Breaking the Silence Around Menstruation

“I was hesitant to talk to elders in my village as I was insecure about my experiences and societal status. Girl Icon Program gave me the confidence to put forth my opinion with confidence.”- Varsha Soni

A 20-year-old Girl Icon, Varsha hails from the village of Raahat in the district of Harda in Madhya Pradesh.

In Varsha’s village, girls face restrictions when it comes to their freedom. They are barred from stepping out of their houses for work and to fetch things they required. Varsha, however, had the soul of a free bird. She dreams of girls being able to move freely as independent individuals. From a young age, she could understand that these restrictions imposed on girls are not justified and she should do something to change this – as a young rebel, she started her revolution by stepping out of her house alone.

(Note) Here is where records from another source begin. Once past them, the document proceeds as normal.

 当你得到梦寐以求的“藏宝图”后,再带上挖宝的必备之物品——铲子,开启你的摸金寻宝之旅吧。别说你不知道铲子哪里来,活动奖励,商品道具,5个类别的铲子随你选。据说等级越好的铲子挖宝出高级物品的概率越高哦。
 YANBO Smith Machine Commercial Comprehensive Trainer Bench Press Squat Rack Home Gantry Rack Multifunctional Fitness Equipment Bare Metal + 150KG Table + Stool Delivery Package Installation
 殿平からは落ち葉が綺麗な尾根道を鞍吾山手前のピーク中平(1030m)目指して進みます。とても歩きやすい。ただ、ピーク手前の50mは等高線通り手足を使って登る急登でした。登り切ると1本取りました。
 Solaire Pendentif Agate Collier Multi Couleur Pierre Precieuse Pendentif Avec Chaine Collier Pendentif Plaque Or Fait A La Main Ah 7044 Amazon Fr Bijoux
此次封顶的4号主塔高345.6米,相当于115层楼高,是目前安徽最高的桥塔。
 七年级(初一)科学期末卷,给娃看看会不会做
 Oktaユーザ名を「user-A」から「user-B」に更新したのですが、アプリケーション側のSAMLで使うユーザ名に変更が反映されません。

“Sometimes people used to complain to my father. They would say that allowing a girl to step out of the house was a mistake and this freedom of movement should only apply to boys,” says Varsha. However, such opinions did not matter to her father and he stood by her choices. “I am glad my parents stood by me and supported my independence.” With this strong support from her parents, she formed her peer group of girls to work on the issue of sanitation and hygiene for adolescent girls.

The inaccessibility of toilets in rural areas is a pervasive problem. The bus stop in Varsha’s village was devoid of toilets. The men were seen urinating in public, making the bus stop an unhygienic spot, while the women suffered in silence. “My peer group and I reached out to the Gram Sabha members of my village during village meetings and demanded that there should be public toilets for men and women near the bus stand. Our action resulted in a proposal being drafted.” Varsha and her peer groups’ proposal was taken into consideration by the Gram Sabha members and they reached out to the government. This resulted in the construction of public toilets as per their demand in the vicinity of the bus stand in Raahat village.

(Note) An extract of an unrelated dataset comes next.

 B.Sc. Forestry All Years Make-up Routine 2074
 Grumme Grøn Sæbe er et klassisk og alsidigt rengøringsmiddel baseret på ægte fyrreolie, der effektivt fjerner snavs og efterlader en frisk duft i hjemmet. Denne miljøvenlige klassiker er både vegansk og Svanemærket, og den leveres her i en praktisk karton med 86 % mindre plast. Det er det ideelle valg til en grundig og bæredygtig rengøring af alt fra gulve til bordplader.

Prior to the national Census of 2011, the UPA-II government’s website was claiming that 72% of rural households in India had a toilet. However, the Census 2011 revealed that only 32% had a toilet – which tells us how reliable government data on such target-driven programs is. The government then promptly conducted a survey in 2012 which found that actual toilet coverage was a mere 36% of households.

Varsha was not done yet! After learning about the taboos and misconceptions around menstruation, Varsha decided to work on breaking the myths around the natural phenomenon. “I, along with my peer group members, decided to eradicate the conservative beliefs around menstruation by launching a campaign called ‘No Shame’ in my community.” Varsha came up with innovative ideas for her campaign. This involved gifting sanitary napkins to her friends on their birthdays, openly demonstrating the use of sanitary napkins in public, and bringing together women in her village to discuss menstrual hygiene. They conducted a rally on adolescent health and menstrual hygiene management. Varsha shares, “Girls remain unaware of the concept of using sanitary pads and its disposal. Usage of cloth comes with a lot of hygiene maintenance, which can also increase the risk of infections.”

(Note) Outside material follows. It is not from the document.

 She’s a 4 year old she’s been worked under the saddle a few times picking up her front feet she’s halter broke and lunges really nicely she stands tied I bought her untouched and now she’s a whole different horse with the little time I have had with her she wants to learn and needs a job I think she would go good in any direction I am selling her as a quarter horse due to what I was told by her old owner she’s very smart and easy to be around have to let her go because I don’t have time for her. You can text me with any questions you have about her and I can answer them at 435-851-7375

According to the National Family Health Survey-4 (NFHS), released in 2015-16, not even 50% of women used clean methods of dealing with their menstrual cycles in eight states and union territories. Menstruation is still taboo in India. Even now, women are considered “impure” during their period, and subjected to social, religious and cultural restrictions, according to a study on menstrual health management. These practices have resulted in a culture of silence around the subject of period hygiene – 70% of Indian mothers consider menstruation “dirty”, as per the findings of a study.

Varsha currently is a second-year student of B.Sc. and is also pursuing a Bachelor’s in Social Work. She continues to fight for the rights of girls and women in her village and India, actively using social media to spread her message. This young leader aspires to be a police officer in the future.